Une transposition théâtrale d’un roman dense
La pluie empêche le panneau du village et Agathe revient dans le pays. Après des années à New York où elle tente de percer comme scénariste de séries, elle se retrouve en Dordogne, près de la maison familiale nichée dans un bois détrempé. Leur père, désormais décédé, était guide des grottes préhistoriques et était divorcé de leur mère. Agathe retrouve sa sœur cadette, Véra, muette depuis l’enfance à la suite d’une crise d’aphasie et restée dans le pays du père.
Dans les jours qui suivent, il s’agit de vider la maison d’enfance, de trier, jeter et peut-être renouer des liens devenus distants.
Le roman « Le vieil incendie » porté sur scène
Le récit, bref et dense malgré ses environ 140 pages, a été signé Elisa Shua Dusapin et publié il y a deux ans chez Zoé. Il ne s’éteint pas avec sa forme romanesque et s’adapte aujourd’hui à la scène sous forme de pièce théâtrale.

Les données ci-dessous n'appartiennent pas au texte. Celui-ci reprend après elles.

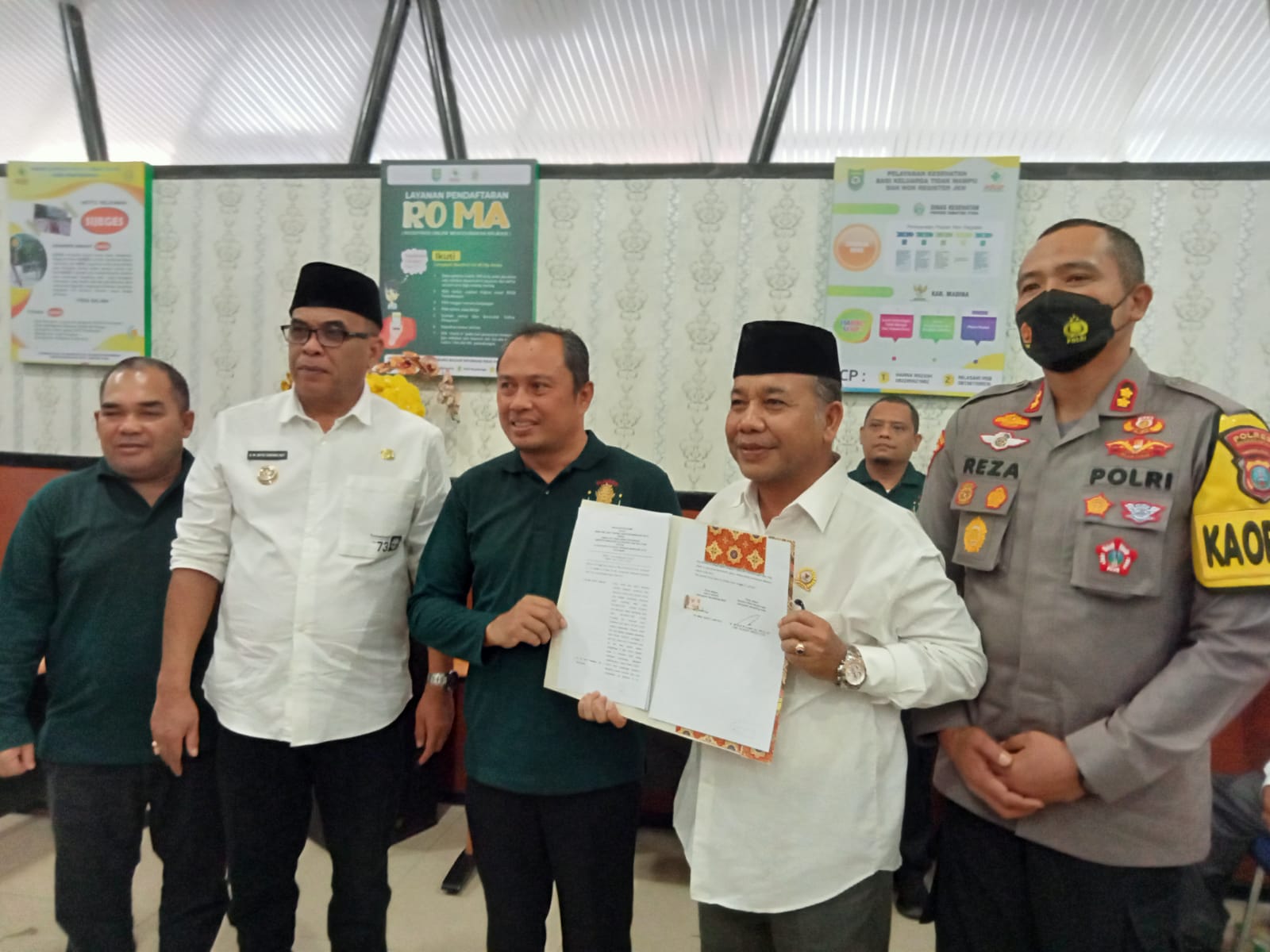 MADINA | Bupati Mandailing Natal (Madina) HM.Jafar Sukhairi Nasution menghadiri Penandatanganan Perjanjian Kerja Sama (PKS) antara Badan Amil Zakat (Baznas) Madina dan Rumah Sakit Umum Daerah (RSUD) Panyabungan di Aula RSUD Panyabungan, Rabu (3/8/2022).

Dispositif scénique et parole muette
La question centrale — rendre audible la voix d’une sœur muette — est résolue par le dispositif: les textos écrits par Véra apparaissent sur un panneau amovible; deux autres panneaux minimalistes évoquent les murs ou la forêt; et la voix intérieure de la sœur devenue adulte s’impose sur le plateau, portée par Eve Aouizerate dans le rôle de la narratrice.
Sur scène, Eve Aouizerate assure la narration, tandis que Coline Bardin interprète Agathe et Baptiste Morisod incarne Octave. Véra est suggérée par les textes projetés et le décor se module entre murs et forêt.
Une distribution et une écriture au service du sujet
Le trio d’interprètes est à fleur de mots et de regards, donnant vie et corps à ce Vieil incendie au rythme d’une écriture pudique et retenue qui explore les liens entre sœurs lorsqu’une promesse n’a pas été tenue.
Direction artistique et calendrier
Mis en scène par Ludovic Chazaud à la demande de la nouvelle directrice du Poche, Martine Corbat, « Le vieil incendie » constitue la troisième transposition théâtrale de l’œuvre de l’auteure jurassienne Elisa Shua Dusapin, après Hiver à Sokcho et Le colibri. L’ensemble laisse des espaces à l’imaginaire et au regard.
Note: 4/5
Dates et lieux : Le vieil incendie est joué au Poche, Genève, jusqu’au 12 octobre 2025, puis au Théâtre du Jura, Delémont, les 18 et 19 novembre 2025, et au Casino-Théâtre, Rolle, du 3 au 5 décembre 2025.